The indoor activity seasonality that we quantify may reflect heterogeneity in transmission risk via a number of mechanisms including those affecting host contact, susceptibility, or transmissibility. Increased indoor activity may indicate longer-duration airborne contact (e.g. co-location without direct interaction) between susceptible and infected individuals, elevating respiratory transmission risk. Increased indoor density may also suggest increased droplet contact (e.g. a conversation in close proximity), under homogeneous mixing. Additionally, indoor activity may suggest increased susceptibility as poor ventilation, increased pollutants, reduced solar exposure, and low humidity of the indoor environment have been shown to weaken immune response (Moriyama et al., 2020). Finally, increased indoor activity may indicate an increase in transmissibility due to higher exposure as low humidity caused by climate control (heating, ventilation, and cooling, HVAC) in indoor environments has been shown to increase viral survival and HVAC re-circulation has been shown to increase viral dispersion (Lu et al., 2020; Liao et al., 2005). While our new measure does not disentangle these component mechanisms, it represents an integrated seasonality in exposure risk due to all of these factors and can help lead us to a more complete understanding of the heterogeneity and seasonality in disease dynamics and outcomes.

We find that spatiotemporal heterogeneity in the indoor activity metric can be decomposed into two large geographically-contiguous groups in the northern and southern United States representing distinct temporal dynamics in indoor activity. These groups closely correspond to built environment climate zones, potentially explaining this systematic variability. We note, however, that while these clusters overlap with climate classifications, this correspondence does not suggest that environmental variables such as temperature and humidity should be used to represent behavioral heterogeneity. Climatic factors within these climate zones may be related to, but not necessarily correlated with, the seasonality of human mixing within these zones. Additionally, even in the case that environmental factor variability drives behavioral variability, it would be critical to capture the effect of behavior on disease directly so as to not obscure any direct effects of climatic factors on disease.

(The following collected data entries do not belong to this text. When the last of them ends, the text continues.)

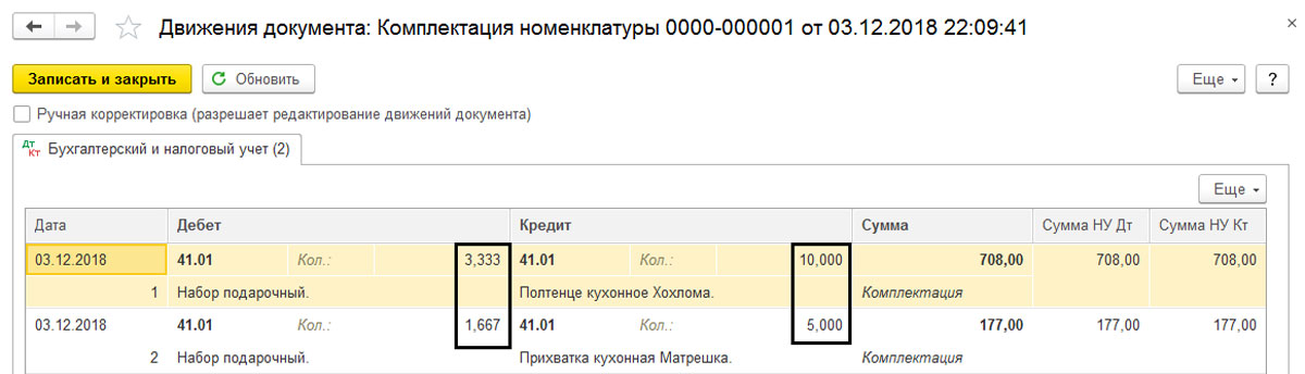 Не всегда с коэффициентом проще указать стоимость. Когда мы самостоятельно хотим назначить цену на позиции, можно прибегнуть к её ручной корректировке. Допустим, что стол из нашего мебельного набора будет стоить 8700 рублей, а каждый стул - 2090 рублей. Подсчитываем стоимость всех стульев и получаем 12540 рублей. В документе уже сформировано движение, открываем его и устанавливаем галочку напротив пункта "Ручная корректировка", после чего заносим изменения. Щелкаем на пункт «Записать и закрыть».
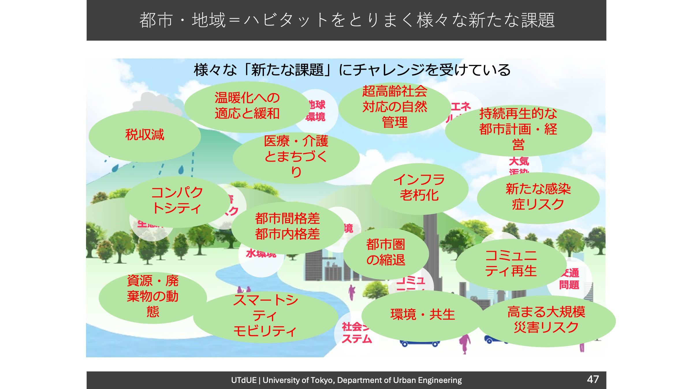 もう一つは、「多くの分野」で考えることです。情報技術の発展やグローバル化する経済、気候変動や生物多様性の問題など、従来の都市や地域が成立する前提を覆すかような大転換が起きている中、人間の空間だけに限らない暮らしの要素、自然、安全、文化、制度、技術といった視点も含めた一体で、複合化する都市問題への対応や価値観の転換を考える必要があります。
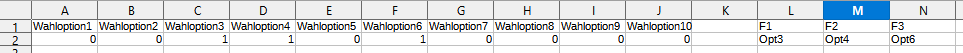 Für jede Wahloption steht das Ergebnis in Zeile 2: Die Zahl 1 für gewählt, die Zahl 0 für nicht gewählt.
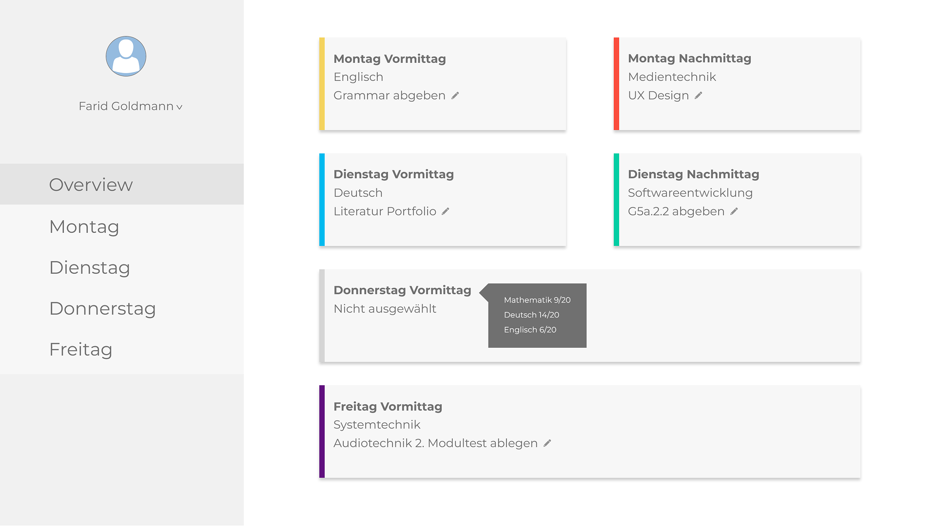 My goal was to make the registration process as effortless as possible. The entire week can be planned from the Overview Page in just a few seconds by right-clicking the cards and selecting the desired class.

We illustrate how to incorporate seasonality in exposure risk to future models of disease dynamics using a simple phenomenological model. We use this traditional model of infectious disease dynamics to evaluate the implications of the spatial coarseness of seasonal forcing. Our results suggest that the substantial local heterogeneity in the dynamics of indoor activity across time and space could be large enough to alter seasonality in infectious disease dynamics. While our work does not consider observed transmission patterns, we suggest that researchers carefully consider the spatial scale on which they model seasonality in theoretical models, commonly used for scenario analysis and model-based intervention design (e.g. Borchering et al., 2021). We additionally highlight that the use of simple or complex functional forms of seasonality requires statistical fits to baseline data and, in the case of disruptions, these fitted models may no longer be appropriate. . Although indoor activity is moderately anticorrelated with temperature and humidity (Figure 1), weather-derived covariates are not able to completely reflect the impacts of human movement (but they may have some statistical power). We show patterns of human mobility changed substantially during the COVID-19 pandemic, potentially contributing to changes in infectious disease seasonality.

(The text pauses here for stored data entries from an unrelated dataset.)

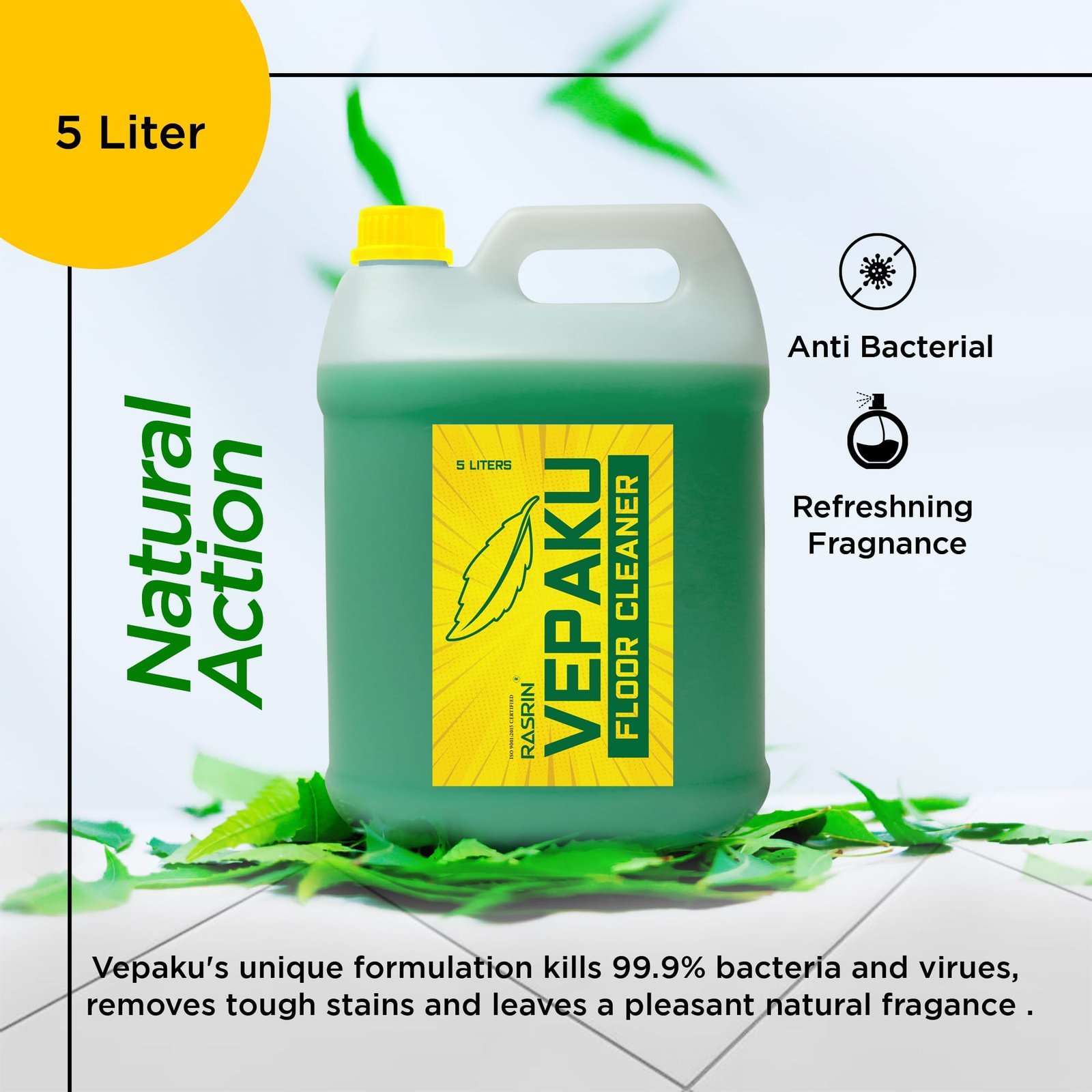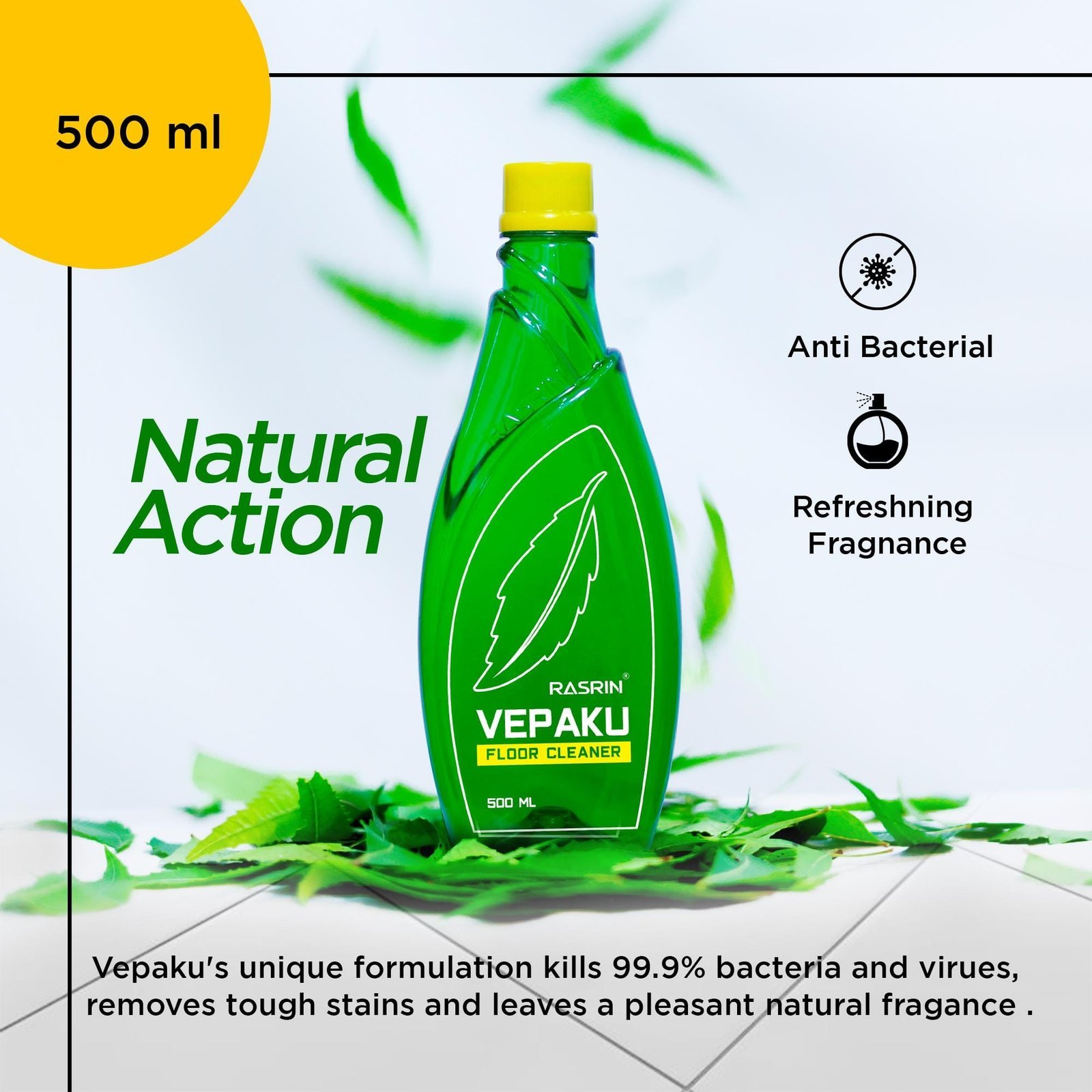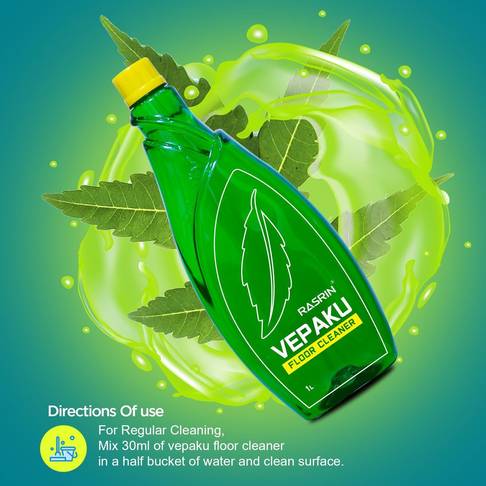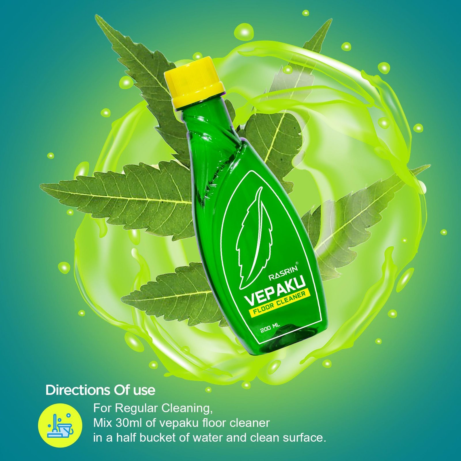 Introducing our brand new floor cleaning liquid Rasrin Neem Floor Cleaner which is a neem extract. It contains the unique formula of Vepaku that kills 99.9% of Bacteria and Virus. Rasrin Vepaku Floor Cleaner helps in removal of tough stains and leaves a pleasant natural fragrance. Our floor cleaners’ natural formulation helps in keeping your hands safe. Can be used on a variety of surfaces like ceramic, marble, granite, etc.
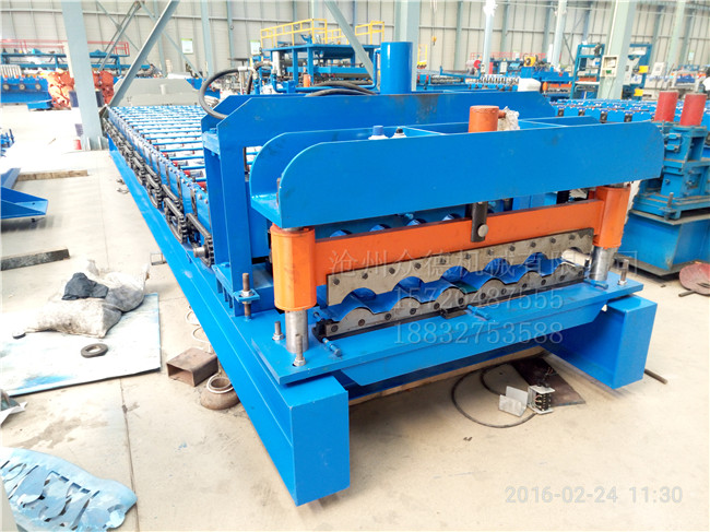 竹节琉璃瓦压型机器,该设备为全自动电脑控制,自动加工生产;电机的主功率为4KW,带动力强,该机器的滚轮采用机床加工而成,每个工件的精度!机器组装由钳工,水平测量组装。控制器为PLC电脑控制器,加工板材的厚度为0.2-0.8mm,全自动液压模具自动切断,生产,操作简单;机器采用电脑控制器,触摸大屏幕,中英文结合,操作简单便捷,可同时输入多组不同生产数据,一件启动加工生产;省时省力,率! 另我公司还配备有抛丸打砂除锈设备,我厂生产的全部设备均经过抛丸除锈处理,机器在自然环境下生产时,不易生锈,从而延长机械的使用寿命。
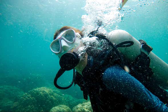 Firstly, we'll take part in a theory class to learn about diving. From the language to help us communicate underwater to the best techniques to enjoy the activity in the safest way possible. Later on, we'll make our way to the coast and enter the water in a tranquil area for the dive, where we'll dive to a depth of 1 metre (3.2 feet). The perfect way to be introduced to the depths!

Recent work during the COVID-19 pandemic demonstrates the impact of reduced occupancy in indoor locations and increasing outdoor activity on the likelihood of disease transmission. In particular, behavioral interventions or nudges that reduce occupancy are more impactful than reducing overall mobility as they reduce visitor density and the likelihood of density-dependent airborne tnsmission (Chang et al., 2021). Similarly, the availability of outdoor areas in urban settings, such as public parks, has been demonstrated to reduce case rates when population mobility becomes less restricted (Johnson et al., 2021). Our results suggest that such public health strategies should be implemented in a targeted manner, informed by real-time data, and with clear communication of the goals. We found notable changes occurred in indoor activity seasonality at the start of the COVID-19 pandemic, despite relatively consistent patterns during the spring season in prior years. Designing a behavioral strategy and measuring its effectiveness without real-time data could thus be misleading. Our finding of two distinct geographic clusters of indoor activity suggests the need for geographical targeting of strategies to reduce indoor transmission risk. While northern latitudes might benefit from decreased indoor occupancy and increased outdoor activity in Northern Hemisphere winters, southern latitudes should be additionally targeted for such interventions in the summer months. Lastly, our findings highlight the need to communicate the goals of behavioral interventions clearly. While all communities universally reduced overall activity during the early days of the COVID-19 pandemic, some increased indoor activity during this time, potentially diminishing the positive effects of the social distancing policies put into place. A public health education campaign to clarify the role of indoor interactions in transmission risk may have ameliorated this.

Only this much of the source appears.